Priority and Decode-First Scheduling

Many production schedulers care more about keeping existing streams smooth than about starting every new request immediately. A user notices TPOT jitter right away, while a modest TTFT increase on a newly arrived long prompt is often less damaging. That leads to policies such as decode-first scheduling, per-tenant priorities, and SLO-aware admission control.[3]

Preemption Strategies

When GPU memory is full (KV cache blocks are exhausted), the scheduler must either pause work, evict state, or stop admitting new requests.

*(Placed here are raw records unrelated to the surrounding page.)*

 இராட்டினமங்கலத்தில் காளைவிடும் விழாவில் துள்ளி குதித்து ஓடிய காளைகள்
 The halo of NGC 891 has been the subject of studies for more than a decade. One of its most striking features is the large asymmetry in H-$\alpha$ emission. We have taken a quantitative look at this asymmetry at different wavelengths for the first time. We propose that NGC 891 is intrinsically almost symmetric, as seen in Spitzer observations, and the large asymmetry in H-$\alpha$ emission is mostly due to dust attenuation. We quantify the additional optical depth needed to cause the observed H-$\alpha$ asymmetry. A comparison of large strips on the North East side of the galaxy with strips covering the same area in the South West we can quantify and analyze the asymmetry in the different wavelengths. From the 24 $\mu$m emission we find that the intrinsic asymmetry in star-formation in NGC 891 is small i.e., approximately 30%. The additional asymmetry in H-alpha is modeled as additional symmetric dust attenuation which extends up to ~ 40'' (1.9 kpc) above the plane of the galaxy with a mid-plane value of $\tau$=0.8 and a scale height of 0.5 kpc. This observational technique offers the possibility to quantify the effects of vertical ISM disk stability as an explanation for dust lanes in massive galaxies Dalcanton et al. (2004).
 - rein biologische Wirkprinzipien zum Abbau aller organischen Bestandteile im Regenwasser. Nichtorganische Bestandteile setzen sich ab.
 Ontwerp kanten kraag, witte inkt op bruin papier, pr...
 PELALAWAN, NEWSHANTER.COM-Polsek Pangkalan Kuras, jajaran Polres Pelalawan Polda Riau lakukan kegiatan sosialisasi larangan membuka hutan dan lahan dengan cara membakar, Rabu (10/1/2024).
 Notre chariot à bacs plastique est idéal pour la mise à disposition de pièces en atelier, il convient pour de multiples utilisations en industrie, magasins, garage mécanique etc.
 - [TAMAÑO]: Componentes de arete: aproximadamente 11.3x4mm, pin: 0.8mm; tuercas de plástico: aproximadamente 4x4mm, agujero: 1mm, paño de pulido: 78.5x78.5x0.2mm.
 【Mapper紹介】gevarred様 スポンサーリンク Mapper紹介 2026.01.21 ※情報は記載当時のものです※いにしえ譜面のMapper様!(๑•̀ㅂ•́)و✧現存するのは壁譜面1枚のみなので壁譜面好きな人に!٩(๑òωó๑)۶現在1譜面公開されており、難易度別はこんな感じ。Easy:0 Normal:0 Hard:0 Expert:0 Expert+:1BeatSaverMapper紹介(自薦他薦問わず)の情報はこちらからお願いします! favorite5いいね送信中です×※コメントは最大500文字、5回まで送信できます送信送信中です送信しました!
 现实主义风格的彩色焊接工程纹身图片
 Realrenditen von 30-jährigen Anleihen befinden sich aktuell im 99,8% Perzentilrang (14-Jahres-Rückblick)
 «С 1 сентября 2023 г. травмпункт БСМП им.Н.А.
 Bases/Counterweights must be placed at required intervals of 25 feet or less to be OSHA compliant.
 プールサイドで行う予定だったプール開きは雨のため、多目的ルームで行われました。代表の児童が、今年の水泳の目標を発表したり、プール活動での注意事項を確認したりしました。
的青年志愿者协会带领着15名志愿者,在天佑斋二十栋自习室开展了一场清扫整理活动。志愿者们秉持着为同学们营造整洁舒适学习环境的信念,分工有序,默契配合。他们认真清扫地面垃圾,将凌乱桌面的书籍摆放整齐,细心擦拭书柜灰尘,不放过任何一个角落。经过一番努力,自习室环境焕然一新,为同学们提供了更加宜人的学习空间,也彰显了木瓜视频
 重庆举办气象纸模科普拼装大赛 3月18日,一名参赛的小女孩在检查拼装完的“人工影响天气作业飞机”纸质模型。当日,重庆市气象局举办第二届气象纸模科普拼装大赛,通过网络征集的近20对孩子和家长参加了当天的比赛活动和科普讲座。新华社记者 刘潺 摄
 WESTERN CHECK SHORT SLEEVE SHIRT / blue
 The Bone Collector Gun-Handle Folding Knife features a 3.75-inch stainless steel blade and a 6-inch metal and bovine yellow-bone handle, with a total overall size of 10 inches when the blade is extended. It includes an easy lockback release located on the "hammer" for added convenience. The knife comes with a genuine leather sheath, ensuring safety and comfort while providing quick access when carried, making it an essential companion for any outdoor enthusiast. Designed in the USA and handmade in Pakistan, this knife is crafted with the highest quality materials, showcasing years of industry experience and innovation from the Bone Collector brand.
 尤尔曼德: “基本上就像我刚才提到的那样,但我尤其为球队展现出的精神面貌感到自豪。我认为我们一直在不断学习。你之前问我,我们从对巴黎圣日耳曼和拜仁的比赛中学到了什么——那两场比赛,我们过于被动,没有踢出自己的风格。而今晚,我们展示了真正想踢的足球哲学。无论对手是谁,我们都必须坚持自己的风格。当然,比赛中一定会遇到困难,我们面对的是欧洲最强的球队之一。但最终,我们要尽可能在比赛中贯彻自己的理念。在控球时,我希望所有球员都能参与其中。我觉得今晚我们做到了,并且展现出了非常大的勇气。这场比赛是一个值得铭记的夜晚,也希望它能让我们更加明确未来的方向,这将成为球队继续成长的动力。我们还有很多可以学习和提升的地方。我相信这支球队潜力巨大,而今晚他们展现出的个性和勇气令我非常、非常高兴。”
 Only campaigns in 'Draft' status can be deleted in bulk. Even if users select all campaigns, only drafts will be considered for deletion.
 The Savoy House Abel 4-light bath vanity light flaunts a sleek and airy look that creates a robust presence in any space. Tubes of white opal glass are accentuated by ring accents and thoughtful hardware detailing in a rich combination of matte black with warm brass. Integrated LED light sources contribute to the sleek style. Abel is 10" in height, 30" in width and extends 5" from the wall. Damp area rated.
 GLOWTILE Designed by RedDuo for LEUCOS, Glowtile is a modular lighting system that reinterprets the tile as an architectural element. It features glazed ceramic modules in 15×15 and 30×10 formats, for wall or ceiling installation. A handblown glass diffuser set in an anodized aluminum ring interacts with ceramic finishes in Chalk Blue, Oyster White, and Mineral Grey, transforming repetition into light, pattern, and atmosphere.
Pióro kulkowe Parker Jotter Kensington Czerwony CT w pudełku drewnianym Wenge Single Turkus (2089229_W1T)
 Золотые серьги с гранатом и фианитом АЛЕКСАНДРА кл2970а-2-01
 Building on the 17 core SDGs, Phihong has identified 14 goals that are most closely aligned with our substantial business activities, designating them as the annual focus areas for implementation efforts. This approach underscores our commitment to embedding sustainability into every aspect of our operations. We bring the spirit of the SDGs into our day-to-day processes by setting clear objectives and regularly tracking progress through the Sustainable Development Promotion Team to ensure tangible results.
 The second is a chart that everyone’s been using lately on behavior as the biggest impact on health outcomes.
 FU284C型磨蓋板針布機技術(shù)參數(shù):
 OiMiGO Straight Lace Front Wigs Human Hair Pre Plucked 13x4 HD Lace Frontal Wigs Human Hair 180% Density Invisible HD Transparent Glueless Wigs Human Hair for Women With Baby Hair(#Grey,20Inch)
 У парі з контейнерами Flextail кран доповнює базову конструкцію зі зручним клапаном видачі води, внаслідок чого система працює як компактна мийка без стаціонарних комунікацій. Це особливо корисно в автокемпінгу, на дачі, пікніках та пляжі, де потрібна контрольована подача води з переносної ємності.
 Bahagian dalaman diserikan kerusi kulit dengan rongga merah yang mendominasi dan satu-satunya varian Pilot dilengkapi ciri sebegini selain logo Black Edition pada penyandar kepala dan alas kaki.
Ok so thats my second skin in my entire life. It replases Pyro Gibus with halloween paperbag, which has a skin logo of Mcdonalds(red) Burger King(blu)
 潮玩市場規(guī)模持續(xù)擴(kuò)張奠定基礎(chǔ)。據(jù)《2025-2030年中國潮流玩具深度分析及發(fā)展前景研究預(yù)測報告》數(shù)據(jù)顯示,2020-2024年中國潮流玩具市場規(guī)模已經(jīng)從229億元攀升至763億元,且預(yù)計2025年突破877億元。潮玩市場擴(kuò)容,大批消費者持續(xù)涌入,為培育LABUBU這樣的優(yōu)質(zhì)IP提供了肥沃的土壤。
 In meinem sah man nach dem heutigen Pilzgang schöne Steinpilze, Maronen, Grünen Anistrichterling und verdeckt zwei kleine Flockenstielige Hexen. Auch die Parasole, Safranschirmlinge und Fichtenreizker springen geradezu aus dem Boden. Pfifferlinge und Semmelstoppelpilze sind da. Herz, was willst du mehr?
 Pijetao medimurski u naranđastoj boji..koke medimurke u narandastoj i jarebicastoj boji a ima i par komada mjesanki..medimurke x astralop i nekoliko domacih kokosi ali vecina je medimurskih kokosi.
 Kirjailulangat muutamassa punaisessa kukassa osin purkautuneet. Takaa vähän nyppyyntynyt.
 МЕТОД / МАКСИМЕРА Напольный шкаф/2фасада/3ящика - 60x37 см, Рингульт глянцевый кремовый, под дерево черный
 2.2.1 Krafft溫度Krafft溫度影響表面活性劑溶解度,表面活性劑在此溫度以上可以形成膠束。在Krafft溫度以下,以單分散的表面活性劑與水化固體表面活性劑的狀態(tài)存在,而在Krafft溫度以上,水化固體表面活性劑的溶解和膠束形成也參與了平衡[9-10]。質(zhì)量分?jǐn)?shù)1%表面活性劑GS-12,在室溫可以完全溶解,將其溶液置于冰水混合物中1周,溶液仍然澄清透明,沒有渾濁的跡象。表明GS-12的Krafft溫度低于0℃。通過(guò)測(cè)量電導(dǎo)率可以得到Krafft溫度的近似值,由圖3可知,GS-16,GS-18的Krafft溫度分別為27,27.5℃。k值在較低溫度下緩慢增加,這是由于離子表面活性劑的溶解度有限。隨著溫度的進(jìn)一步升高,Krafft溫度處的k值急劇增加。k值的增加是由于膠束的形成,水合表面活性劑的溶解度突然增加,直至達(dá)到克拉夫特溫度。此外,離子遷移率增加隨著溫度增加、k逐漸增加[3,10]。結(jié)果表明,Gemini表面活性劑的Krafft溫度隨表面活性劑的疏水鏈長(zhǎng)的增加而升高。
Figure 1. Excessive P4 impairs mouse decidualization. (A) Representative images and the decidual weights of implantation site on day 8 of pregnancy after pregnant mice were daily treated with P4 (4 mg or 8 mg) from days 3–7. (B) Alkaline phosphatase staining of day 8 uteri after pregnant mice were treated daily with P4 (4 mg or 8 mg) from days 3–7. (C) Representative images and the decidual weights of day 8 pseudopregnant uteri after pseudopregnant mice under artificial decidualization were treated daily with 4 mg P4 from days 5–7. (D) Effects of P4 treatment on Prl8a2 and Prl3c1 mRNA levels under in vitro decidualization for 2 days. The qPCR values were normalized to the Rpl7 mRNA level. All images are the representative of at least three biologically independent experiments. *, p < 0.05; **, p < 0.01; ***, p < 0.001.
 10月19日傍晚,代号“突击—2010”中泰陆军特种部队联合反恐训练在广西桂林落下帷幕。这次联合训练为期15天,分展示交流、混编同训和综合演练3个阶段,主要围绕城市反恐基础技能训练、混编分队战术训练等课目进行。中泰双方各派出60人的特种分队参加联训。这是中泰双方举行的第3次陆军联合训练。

Two common recovery strategies are:

  1. Swap Out (CPU Offload): Move the victim request's KV cache from GPU VRAM to CPU RAM.
    • Pros: Saves progress; cheap to resume if PCIe bandwidth is available.
    • Cons: High latency penalty for the swapped-out request.
  2. Recomputation: Drop the KV cache entirely and re-run the prefill phase when the request is rescheduled.
    • Pros: Zero memory overhead on CPU; simple to implement.
    • Cons: Wastes GPU compute; works best when the prompt is short (low prefill cost).

These are design options, not universal defaults. The cheaper choice depends on prompt length, host-device bandwidth, and how expensive replaying prefill would be. Recomputation can be better when prompts are short enough that rebuilding state costs less than moving KV blocks off the GPU. Swapping matters when discarded state would be expensive to rebuild. If you tune a particular engine, check its current scheduler documentation and trace preemption events rather than assuming one policy is active.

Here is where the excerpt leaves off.